Direct-to-Consumer Brand

Model how likely customers are to purchase, given data across multiple engagement channels. Uncover pain points of competing products in the marketplace, and understand latent needs of consumers to guide product development.

Quality outdoor furniture is not a casual purchase. Customers are likely to do extensive research and eventually buy weeks - or even months - after they first arrive on your website. You will encounter the same customers using multiple devices, maybe without connecting the multiple touch points back to the same person: The first interaction might be on a mobile device visiting your website via an ad on Instagram, and the eventual purchase happens on their partner's desktop. Can customers which are likely to purchase be identified early on? Can you make a probabilistic assumption that you are seeing the same household interacting with your website? Which typical pain points do reviews of the competition show, can you build better products with a superior customer service experience? Can you inform product development by identifying unmet needs, using open source data?

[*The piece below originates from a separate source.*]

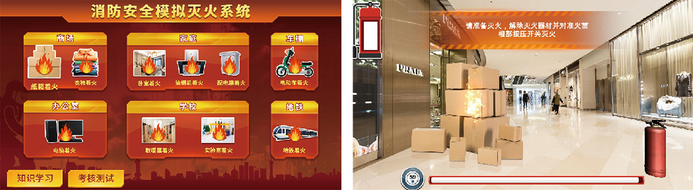 滅火器內(nèi)含傳感器,體驗(yàn)者通過(guò)真實(shí)拿起滅火器并進(jìn)行使用的動(dòng)作,進(jìn)行虛擬滅火的操作。系統(tǒng)提供不同的著火場(chǎng)景,體驗(yàn)者可選擇不同的滅火器,從而熟知使用滅火器進(jìn)行滅火的步驟,系統(tǒng)會(huì)對(duì)體驗(yàn)者的操作進(jìn)行評(píng)分和錯(cuò)誤糾正。

We built a scikit-learn+XGBoost-based purchase probability model pipeline, enriched with geolocation-linked census data and SHAP interpretability layer, to identify customers with high purchase probability. The model can be deployed into production via Docker and Ray Serve. Product reviews were used as input for topic modeling and sentiment analysis to uncover common themes, both for positive and negative reviews. We created a custom training data set using zero-shot topic modeling as filtering mechanism for 600+ GB of text data. The filtered data was used to adapt a pre-trained GPT-2 natural language generation model, and build a tool that both helps to ideate product descriptions and discover latent consumer needs.

One of the most important variables driving model predictions, according to our interpretability layer, could be influenced directly in production. This lead to an immediate lift in conversions, even without the full model being deployed. We were able to identify both typical pain points and desired properties for products in the space, providing valuable inputs for creative design and product road map.